Monday, September 7, 2015

What?! No Piglets?

Seems like we learn something new with each new litter.

Miss Pinky Pie went through her pregnancy just fine. She created her nest, her water broke, labor began... but she had NO piglets!
Not even days later.
Not even dead ones.
There was a slight brownish discharge at one point, but that was all. She acted like she was all done with the whole thing, and a week later she came back into heat.

Weirdest thing we'd ever been through. What the heck had happened??

At first it seemed like it might have been caused by Porcine Parvo Virus, but thank goodness it wasn't that! The symptoms didn't quite fit for this common disease. Most piggeries worldwide, large and small, have exposure to Porcine Parvo - think of it like chicken pox (before we all got so freaked out by this common childhood virus) : you get it, you're done and most likely have lifetime immunity. If she had contracted this disease for the first time right after she was bred, either impregnation wouldn't have happened, or there would have been dead piglets at various stages of development. So, not Parvo - what then?

One telling clue was that her milk never did come in, so something hormonal must have been off. Once we started looking into various causes of false pregnancy in pigs, it became clear that the length of her cycle being a week longer than normal was another clue.

That's when things started lining up that it was "F2 Toxin Fungal Poisoning" that caused her to lose the litter in vitro. This F2 toxin is actually Zearalenone which is produced by Fusarium Graminearum, a fungus which is commonly found on grains worldwide: wheat, barley, rice, corn, etc, as well as soybeans. Again, this fungus is one of those things that's just out there, worldwide, all the time.

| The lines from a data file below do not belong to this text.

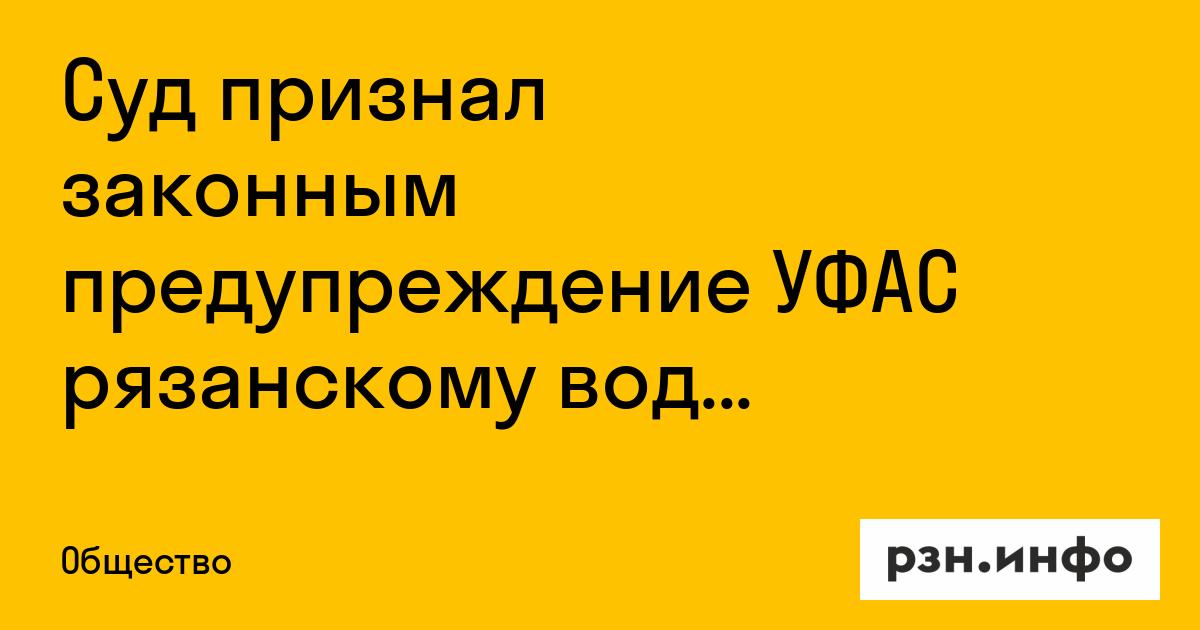 Арбитражный суд Рязанской области отказал МП «Водоканал города Рязани» в удовлетворении требований о признании недействительным предупреждения Рязанского УФАС. Об этом сообщили в пресс-службе суда.
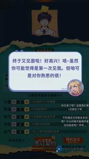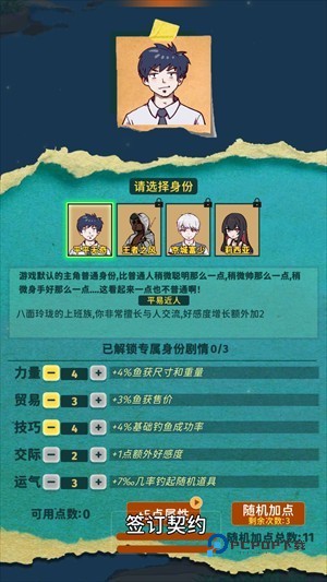 2、创建属于自己的角色,并根据提示分配初始属性点,打造个性化钓手。
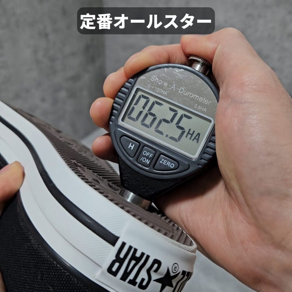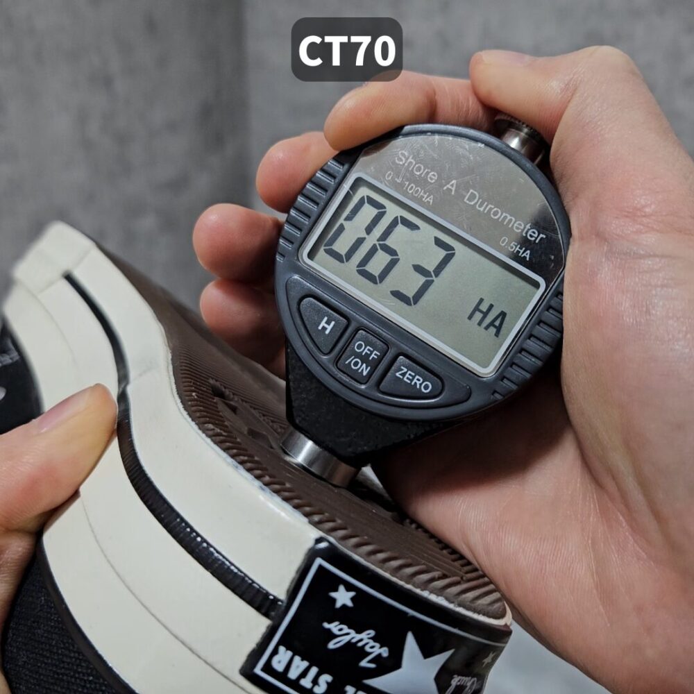 靴裏のアウトソール硬度もほぼ同水準で、定番オールスターは62.5度、CT70は63.0度です。

Normally, the presence of Fusarium isn't going to be too much of a problem. It's unavoidable, anyway. But when we ferment our grains overnight (to break down the phytic acid and thus make more of the nutrition available), it allows the fungus to proliferate which of course increases the amount of Zearalenone toxin.

Zearalenone toxin acts as a megadose of estrogen. (In fact, it is used in the treatment of breast cancer and hormone replacement therapies in humans.) Which explains Miss Pinky Pie's symptoms: longer cycles, false pregnancy to term but with no piglets and no milk production. It's interesting to note that, since we've been feeding this same mix to Mr Red, our young uncut male, it explains his lack of libido, so much so that he doesn't even notice when the sow in the next pen is in heat!

Using Korean Natural Farming inputs (IMO4, LAB, and OHN) during fermentation seems to have some kind of counter-balancing effect, either by introducing enough good bacteria that it overpowers the harmful Fusarium... or perhaps the good stuff actually breaks down the Zearalenone. Without expensive laboratory testing, we cannot know for sure just what is happening, but it sure seems to do the trick. We will definitely be adding these inputs every single time in future.

We had planned on keeping a couple of the gilts from this litter to continue our breeding program and the bloodlines we'd been working on since beginning our piggery... but alas, no piglets means the end of an era for us.

Mr Red was raised to fill our freezer. Now Miss Pinky Pie will join him. (This was her second chance; remember When Mama Sow Rejects Her Piglets? She's just been too hard to work with.) So, we'll get a bit of a break while we reconfigure the pens and prepare to start over with new wean-offs. Oh yes, we will begin again!

Stay tuned - we're not done yet!

2 comments:

volcano gail said...

Glad you're keeping on. For a moment there with the end of the era I was worried! Aloha!

Sonia said...

This has to be so frustrating and heartbreaking...like Gail, for a minute there I was worried you would be giving up... Glad you're picking yourself up, dusting off and carrying on!